基于小样本StyleGAN的多类别车损图像生成方法

doi:10.3778/j.issn.1002-8331.2206-0470

摘要/Abstract

摘要： 现有车损图像数据集存在样本量少、多样性不足、分布不均衡等问题，这些问题可通过图像生成缓解。StyleGAN是较新的能生成高分辨率且不失真图像的方法，被证明对医学和人脸图像增强有效，但针对小样本和多样性较强的样本的研究较少。针对车损图像，研究小样本、高样本多样性的条件StyleGAN生成方法。针对有限车损图像样本对抗模型训练过程中影响模型收敛的因素，进行参数分析及优化，在约1?500个样本、128×128分辨率的多类别车损图像数据集上将FID值降低到41.3，解决了传统方法因样本较少导致模型不收敛的问题。在此基础上构建了随机生成、样式混合生成及解耦放缩生成等三种基于对抗模型的多类别车损图像生成方法。基于此三种图像生成方法实现对车损图像训练集的扩增，并通过数值实验证明了其对下游图像分类任务的有效性。研究了生成模型的空间潜向量解耦方法，并分析解耦方向的实际物理含义以及不同图像生成方式对图像分类任务提升效果的差异及原因，对未来进一步提升对抗模型的多类别车损图像生成方法提供了一些线索和依据。数据集与代码已公开于https：//github.com/derby-ding/StyleGAN_cardemage_class。

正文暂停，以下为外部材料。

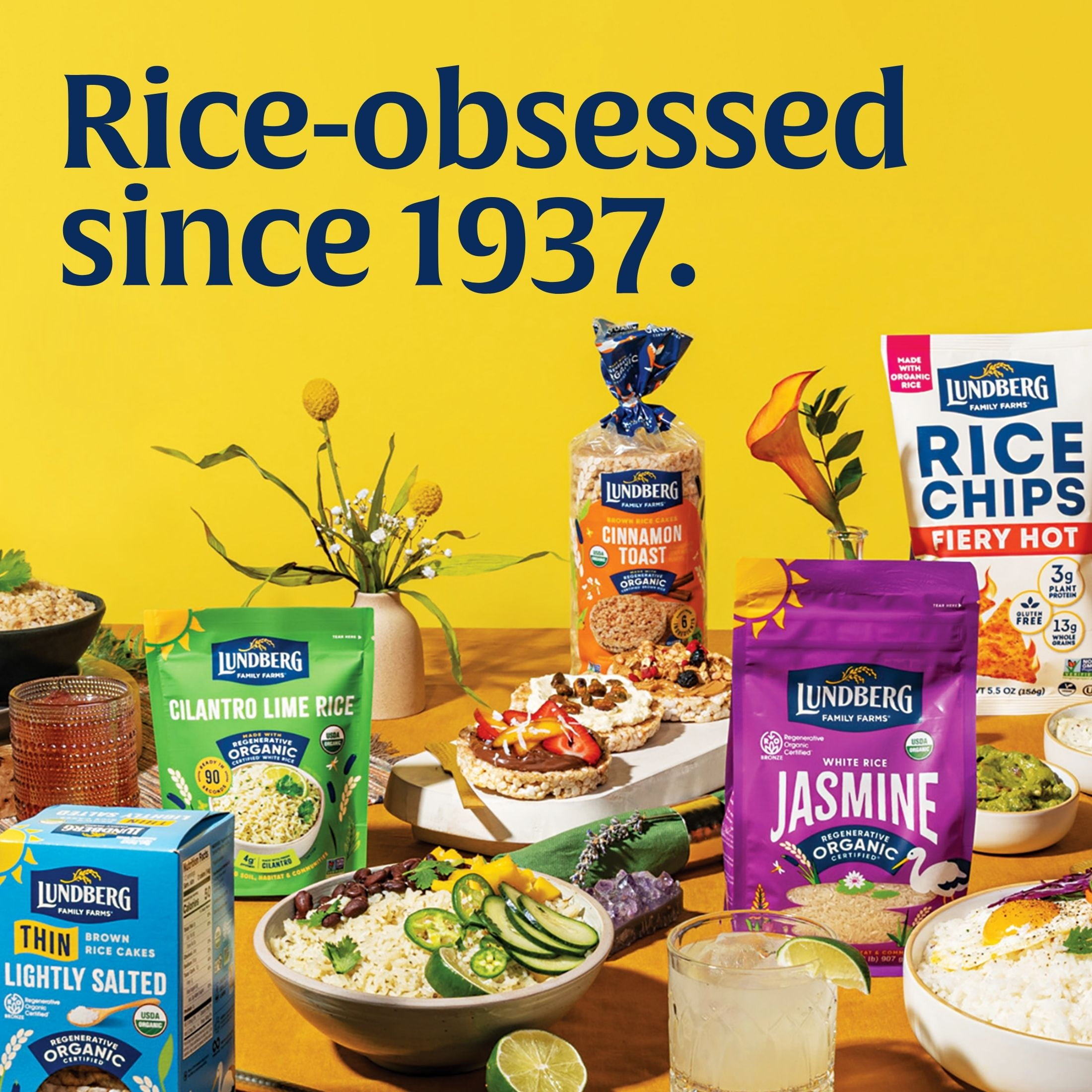 Lundberg Family Farms Organic White Jasmine Rice is Regenerative Organic Certified and USDA Certified Organic. The buttery flavor and light, floral fragrance make it a perfect pantry staple for Thai curry, rice pilaf, and dessert recipes. These long grains cling together when cooked but aren’t sticky, making it the right choice for recipes that call for distinct kernels and a fluffy texture. Vegan, Certified Gluten Free, and Non-GMO Project Verified. Family-owned and founded in 1937, Lundberg’s organic farming practices are a force of land-restoring, habitat-preserving, community-building wonder. And if we care this much about how our rice is grown, just imagine how much we care about how it tastes.
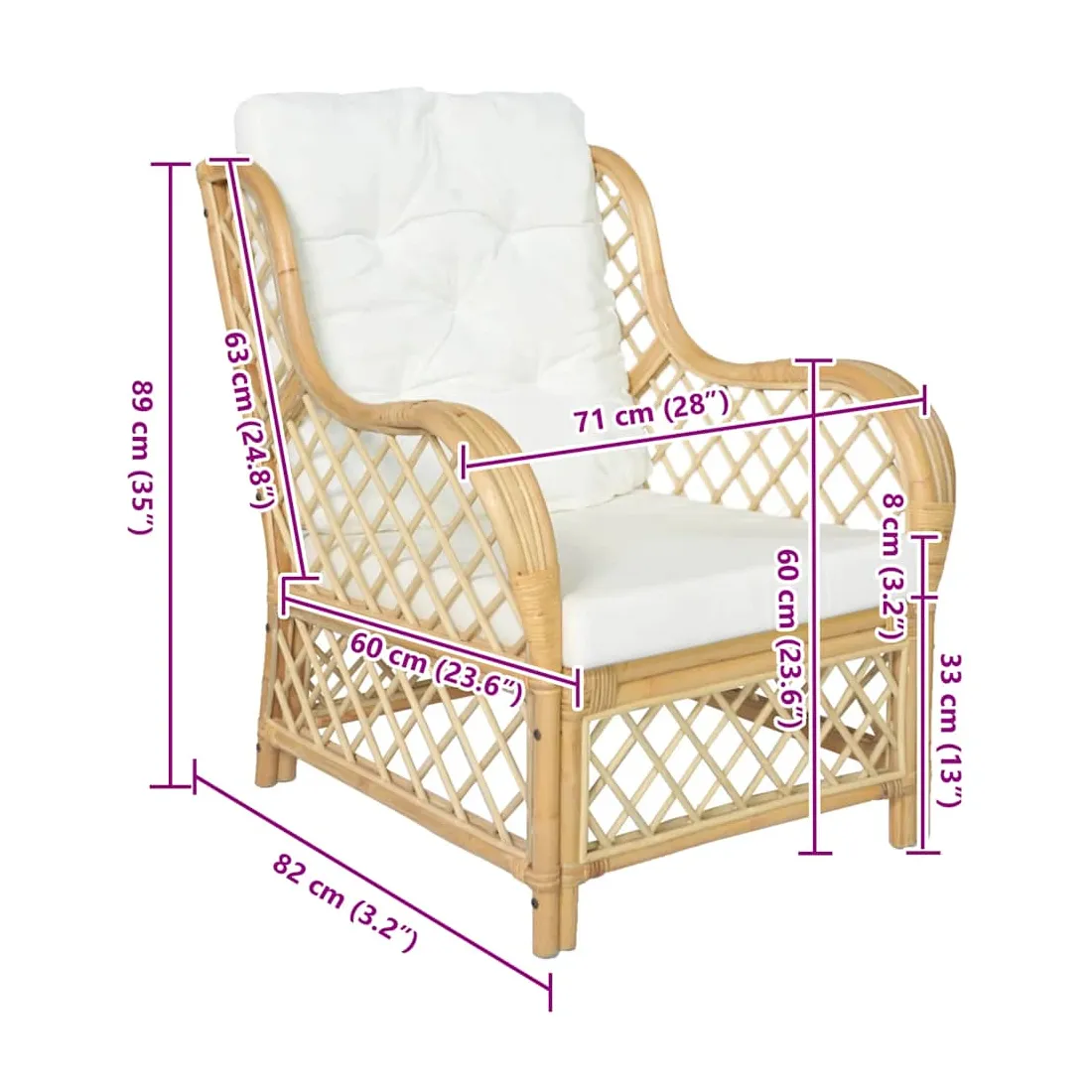 - Hauteur d’assise (sans coussin) : 33 cm

关键词: 图像生成, 对抗生成网络, 小样本学习, 数据增强

Abstract: Existing multi-class damaged car image datasets have problems such as limited sample number, insufficient and unbalanced class distribution, which can be relieved by image generation. StyleGAN can generate new images with high resolution without distortion, and has been proven effective especially on medical and face images, however less research has been done on few-shot learning and high sample diversity. This paper investigates the few shot StyleGAN generation method for car damage images with high sample diversity. It first parametrically analyzes and optimizes those key factors that affect the convergence properties of the adversarial generative models on limited sample number, such that an FID of 41.3 is achieved on 1?500 number of 128×128?pixel damaged car image generation. Based on the general adversarial generative model, it proposes three damaged car image generation models, i.e., random generation, style-based generation and decoupling-based generation schemes. Effectiveness of the generated dataset on improving damaged car image classification is demonstrated by experimental results, which verifies the usefulness of the adversarial generative models. It further investigates latent vector decoupling in the generation space and the actual physical meaning of the decoupling directions. It also analyzes the differences and reasons for the improvement of image classification tasks by different image generation methods. Those analysis results provide insights in the further improvement of the generation models.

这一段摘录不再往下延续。